Write out exactly the lines of the entries below from the one holding "Awesome Pumpkin Witch" to the one holding "- 進んだ先の敵をヘヤピンで掴み崖を超えると「グリッジの癖跡」", inclusive, and leave out all other lines.

▶ Supplied material
####
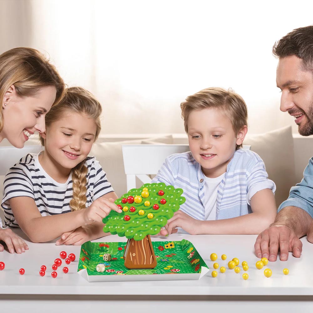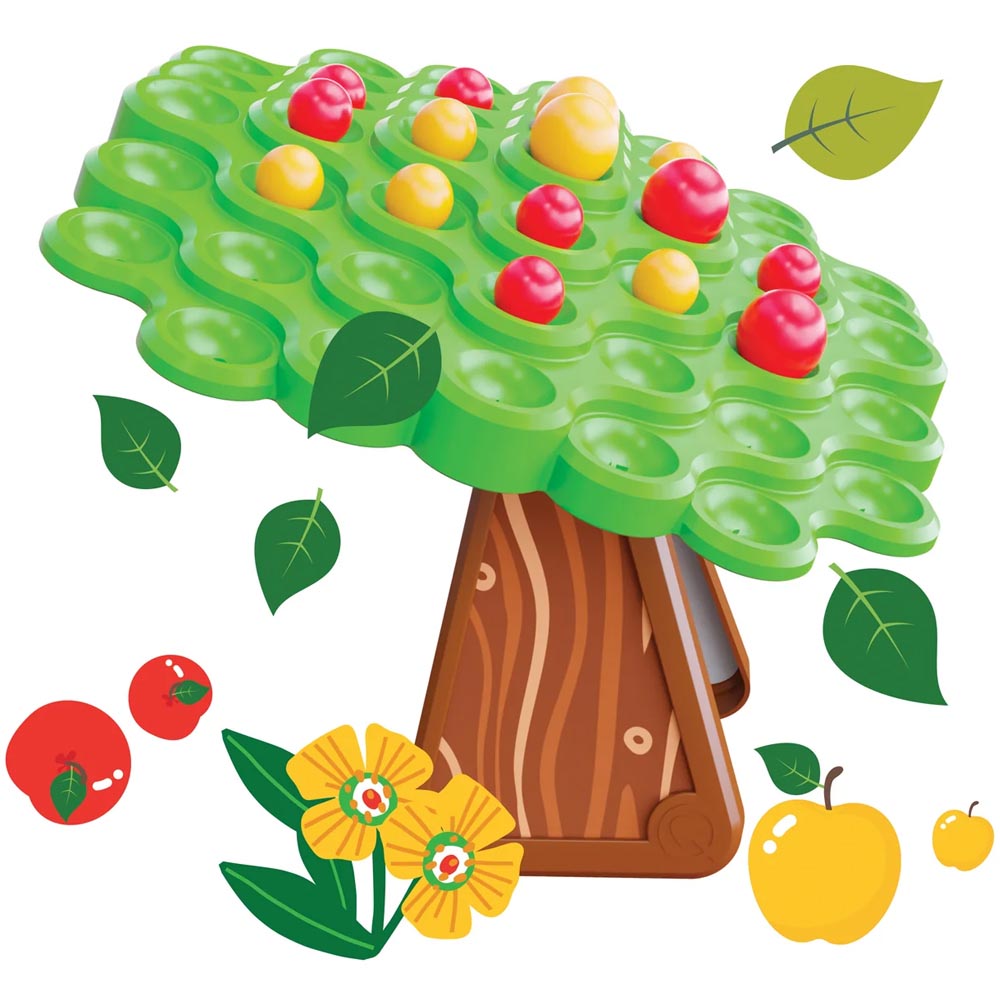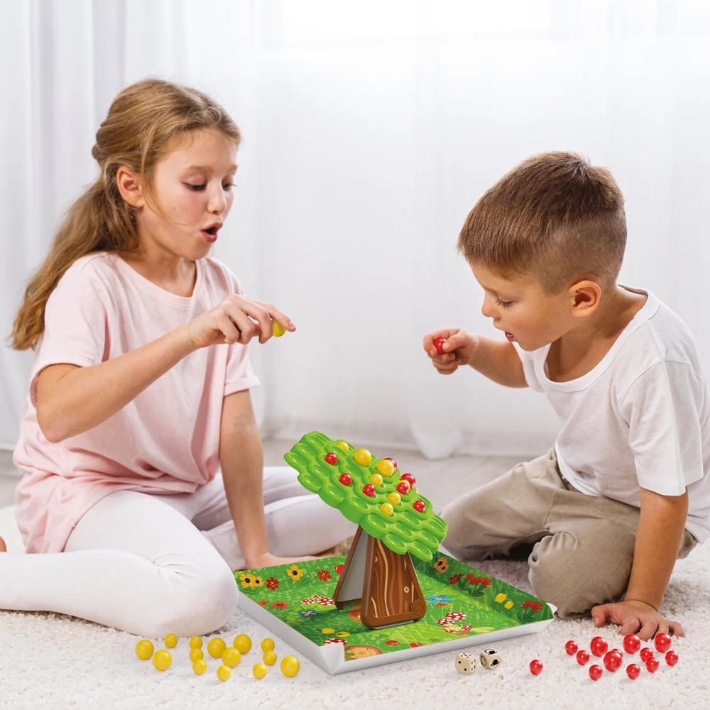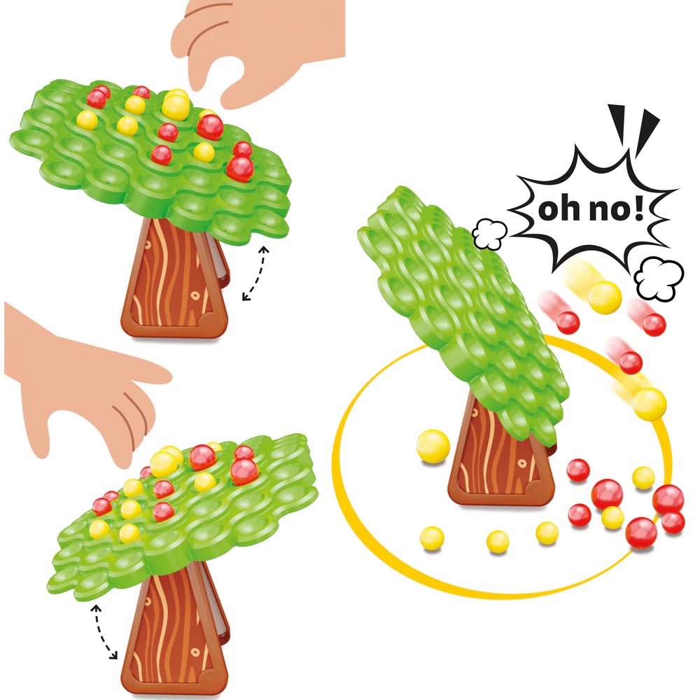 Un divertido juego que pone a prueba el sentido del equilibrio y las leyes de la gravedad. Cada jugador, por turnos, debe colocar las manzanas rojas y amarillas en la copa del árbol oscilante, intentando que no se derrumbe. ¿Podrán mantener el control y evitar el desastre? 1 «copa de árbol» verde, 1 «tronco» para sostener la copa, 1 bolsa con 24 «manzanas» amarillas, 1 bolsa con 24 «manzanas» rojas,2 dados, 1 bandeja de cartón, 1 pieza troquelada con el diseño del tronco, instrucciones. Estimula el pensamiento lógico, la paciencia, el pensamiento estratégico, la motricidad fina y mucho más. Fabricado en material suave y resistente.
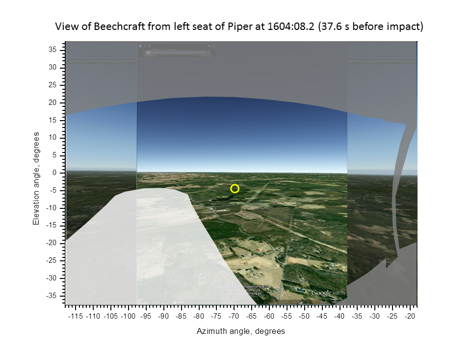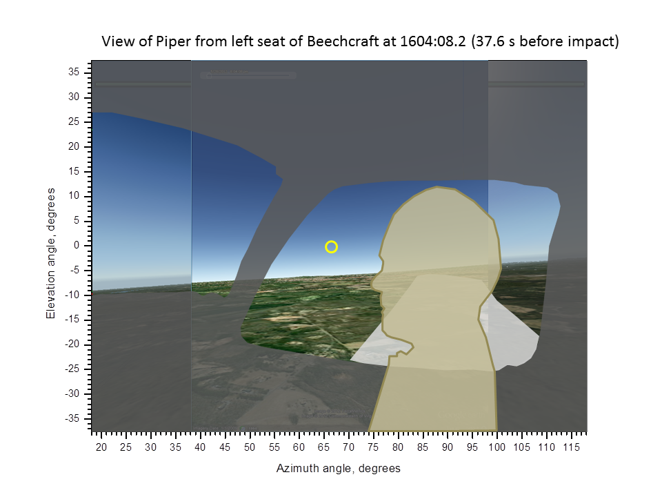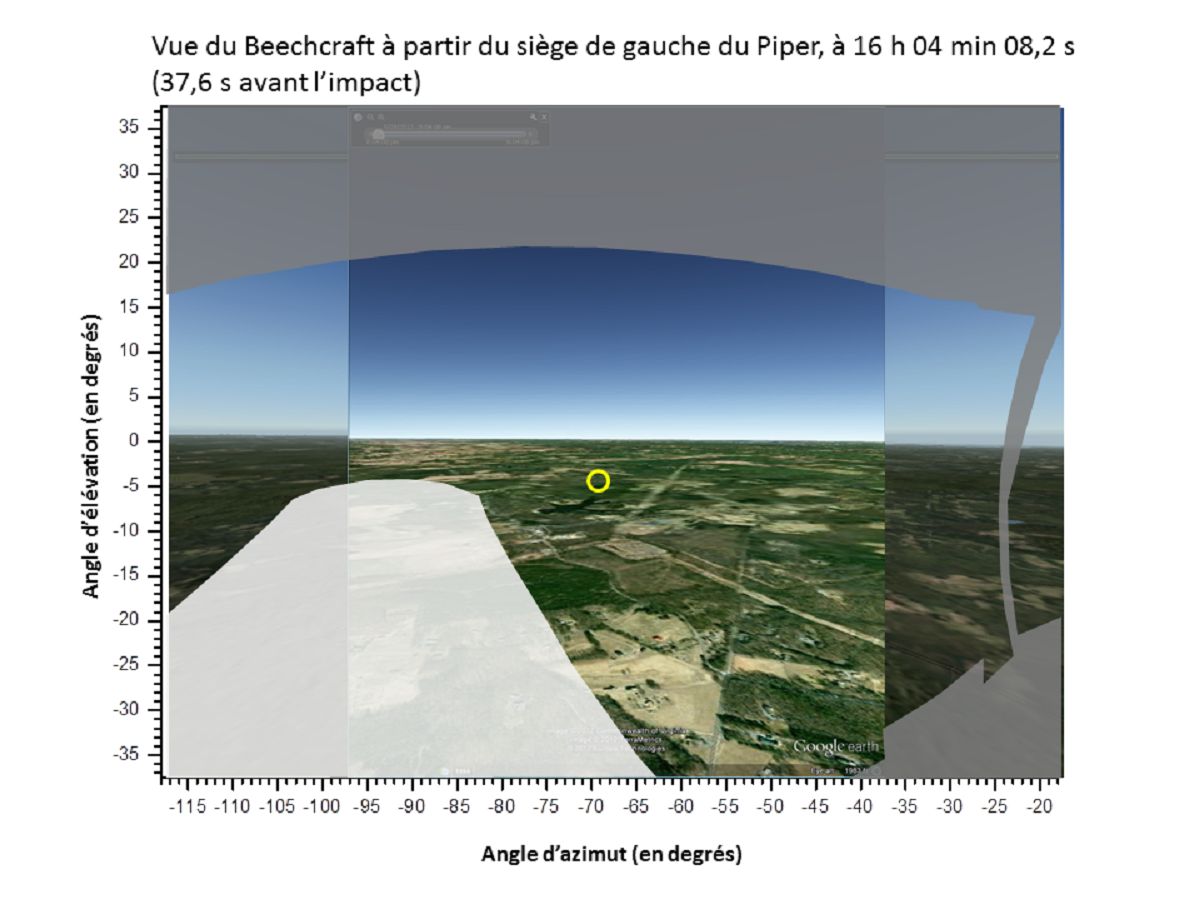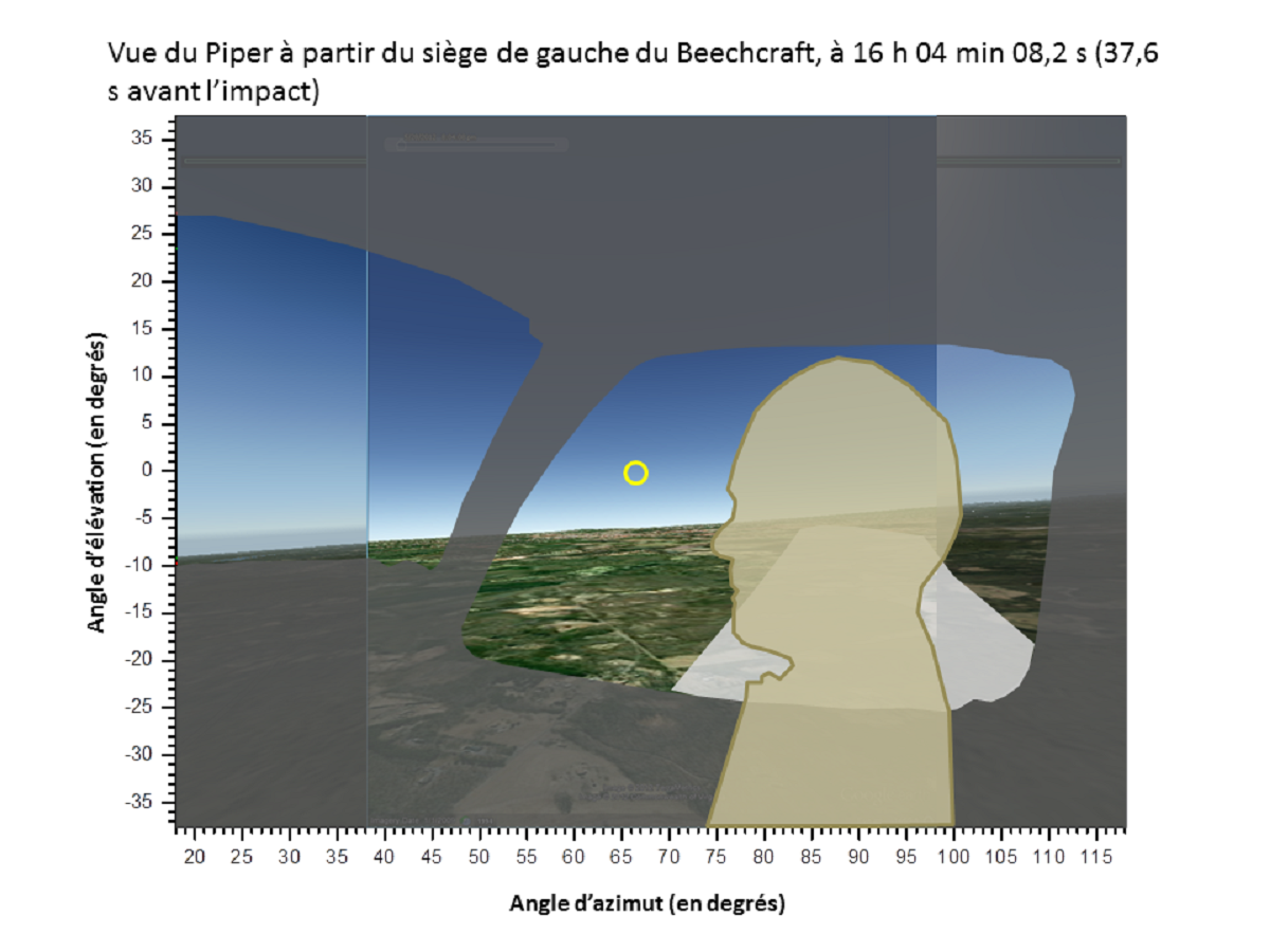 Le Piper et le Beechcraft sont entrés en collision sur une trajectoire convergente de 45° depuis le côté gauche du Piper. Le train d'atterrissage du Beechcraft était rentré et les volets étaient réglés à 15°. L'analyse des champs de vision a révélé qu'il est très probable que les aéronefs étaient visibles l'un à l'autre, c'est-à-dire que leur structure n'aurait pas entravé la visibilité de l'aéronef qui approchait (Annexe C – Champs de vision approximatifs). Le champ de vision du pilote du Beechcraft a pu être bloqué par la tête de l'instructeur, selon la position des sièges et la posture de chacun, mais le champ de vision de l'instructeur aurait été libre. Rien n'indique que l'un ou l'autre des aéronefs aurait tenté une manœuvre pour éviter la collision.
####
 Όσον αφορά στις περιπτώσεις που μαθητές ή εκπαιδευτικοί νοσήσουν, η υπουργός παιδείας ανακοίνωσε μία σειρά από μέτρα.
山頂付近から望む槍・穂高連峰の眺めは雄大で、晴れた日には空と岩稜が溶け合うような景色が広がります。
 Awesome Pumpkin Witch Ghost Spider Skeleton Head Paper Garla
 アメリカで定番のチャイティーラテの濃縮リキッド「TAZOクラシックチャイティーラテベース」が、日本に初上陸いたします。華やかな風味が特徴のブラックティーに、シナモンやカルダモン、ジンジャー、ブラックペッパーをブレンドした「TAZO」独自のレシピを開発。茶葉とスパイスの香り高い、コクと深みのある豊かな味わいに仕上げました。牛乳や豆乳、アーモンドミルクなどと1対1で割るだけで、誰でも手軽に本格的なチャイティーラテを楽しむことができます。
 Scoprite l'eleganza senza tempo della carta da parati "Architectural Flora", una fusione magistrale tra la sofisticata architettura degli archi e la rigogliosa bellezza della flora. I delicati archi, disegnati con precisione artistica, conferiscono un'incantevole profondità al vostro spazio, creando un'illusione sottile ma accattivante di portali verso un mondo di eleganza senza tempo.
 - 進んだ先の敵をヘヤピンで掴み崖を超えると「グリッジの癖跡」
####
▶ Task answer
 Awesome Pumpkin Witch Ghost Spider Skeleton Head Paper Garla
 アメリカで定番のチャイティーラテの濃縮リキッド「TAZOクラシックチャイティーラテベース」が、日本に初上陸いたします。華やかな風味が特徴のブラックティーに、シナモンやカルダモン、ジンジャー、ブラックペッパーをブレンドした「TAZO」独自のレシピを開発。茶葉とスパイスの香り高い、コクと深みのある豊かな味わいに仕上げました。牛乳や豆乳、アーモンドミルクなどと1対1で割るだけで、誰でも手軽に本格的なチャイティーラテを楽しむことができます。
 Scoprite l'eleganza senza tempo della carta da parati "Architectural Flora", una fusione magistrale tra la sofisticata architettura degli archi e la rigogliosa bellezza della flora. I delicati archi, disegnati con precisione artistica, conferiscono un'incantevole profondità al vostro spazio, creando un'illusione sottile ma accattivante di portali verso un mondo di eleganza senza tempo.
 - 進んだ先の敵をヘヤピンで掴み崖を超えると「グリッジの癖跡」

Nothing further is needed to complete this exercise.